Ministro do Desenvolvimento Social e Combate à Fome, Wellington Dias. | Foto: EBC

O Cadastro Único para Programas Sociais (CadÚnico) registrou uma transformação significativa no perfil de renda das famílias brasileiras nos últimos dois anos. Dados recentes indicam que cerca de 14 milhões de pessoas deixaram a linha da pobreza apenas com a melhora da renda do trabalho, sem considerar o impacto direto do Bolsa Família.

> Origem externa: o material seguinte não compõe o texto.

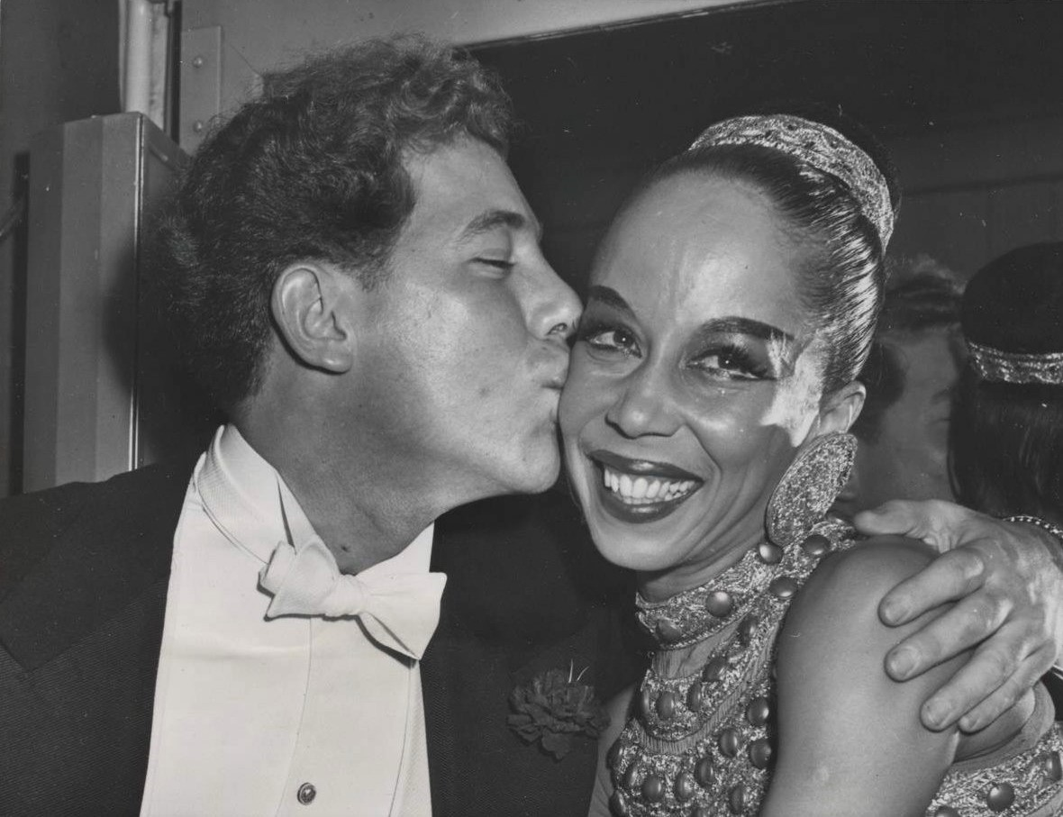 A vintage 5 1/8" X 6 1/2" inches photo from 1951 depicting Janet Collins receiving a kiss from Zachary Solov, Met's chief choreographer and ballet master.(In 1951 Janet Collins became the first black prima ballerina to perform with the Metropolitan Opera Ballet in New York City)

Em março de 2023, o país contabilizava 26 milhões de famílias em situação de pobreza. Em agosto de 2025, esse número caiu para 19,5 milhões — uma redução de 25%. A faixa de baixa renda (até meio salário mínimo por pessoa) também encolheu 20%, enquanto a proporção de famílias com renda acima desse patamar cresceu 67%.

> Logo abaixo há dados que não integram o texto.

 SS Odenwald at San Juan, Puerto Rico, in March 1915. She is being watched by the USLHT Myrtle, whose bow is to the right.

Renda em alta e desigualdade em queda

A melhora foi mais intensa entre os mais pobres. Os 50% com menor rendimento tiveram aumento real de 19% já descontada a inflação. Entre os 10% mais ricos, o crescimento foi de 11,6%. Essa diferença contribuiu para reduzir a desigualdade, impulsionada pelo recuo do desemprego e pelo avanço da escolaridade.

Bolsa Família em transição

O Bolsa Família passou por mudanças recentes. Após alcançar R$ 166,9 bilhões em 2023, o orçamento do programa deve encerrar 2025 em R$ 159,5 bilhões.

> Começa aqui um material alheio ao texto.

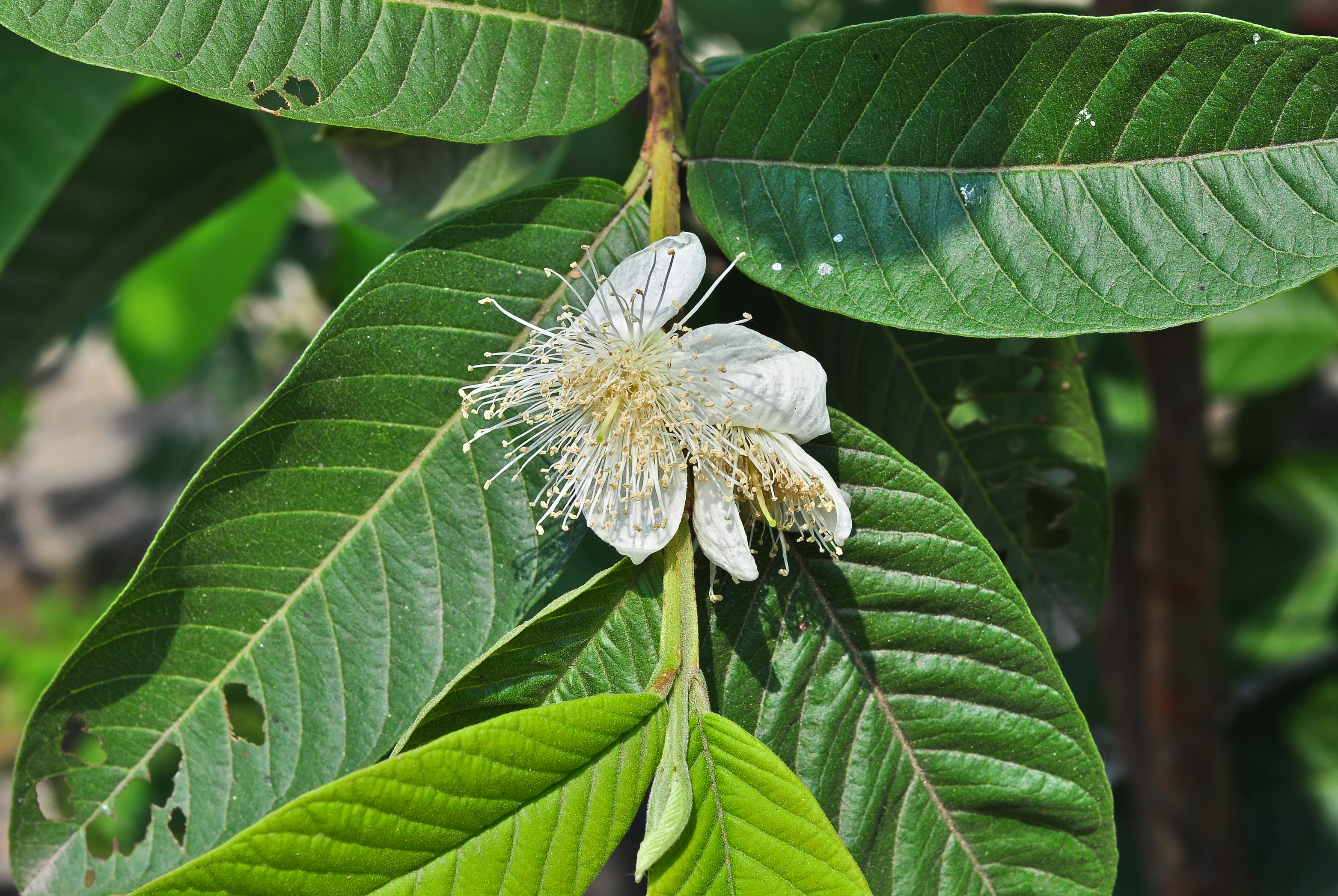 Flower of common guava (Psidium guajava). Taken at Burdwan, West Bengal, India.

A regra de proteção, que mantém metade do benefício por um ano quando a renda ultrapassa o limite de R$ 218 per capita, evitou perdas bruscas. Mesmo assim, o número de famílias nessa condição caiu de 3 milhões no início de 2025 para 576 mil em agosto.

Trabalho formal como motor

O mercado de trabalho tem sido decisivo nessa transição. No primeiro semestre de 2025, 58% das novas vagas formais foram ocupadas por beneficiários do Bolsa Família, segundo o Caged. A taxa de desemprego caiu para 5,8%, o menor nível da série histórica do IBGE.

Cadastro atualizado

A integração de dados previdenciários e de renda formal ao CadÚnico também ajudou. Em sete ações de cruzamento de informações, o governo revisou o cadastro de 33 milhões de pessoas. Em algumas etapas, até 15% das famílias inicialmente classificadas como pobres migraram para faixas de maior renda.

Além disso, o limite de renda máxima para o Bolsa Família foi ajustado: de R$ 759 (meio salário mínimo em 2025) para R$ 706.

Perspectiva social

Para o Ministério do Desenvolvimento e Assistência Social (MDS), os dados desmontam o preconceito de que os beneficiários evitam o trabalho. Segundo a pasta, o Bolsa Família e o CadÚnico funcionam como instrumentos temporários de apoio até que as famílias alcancem autonomia financeira.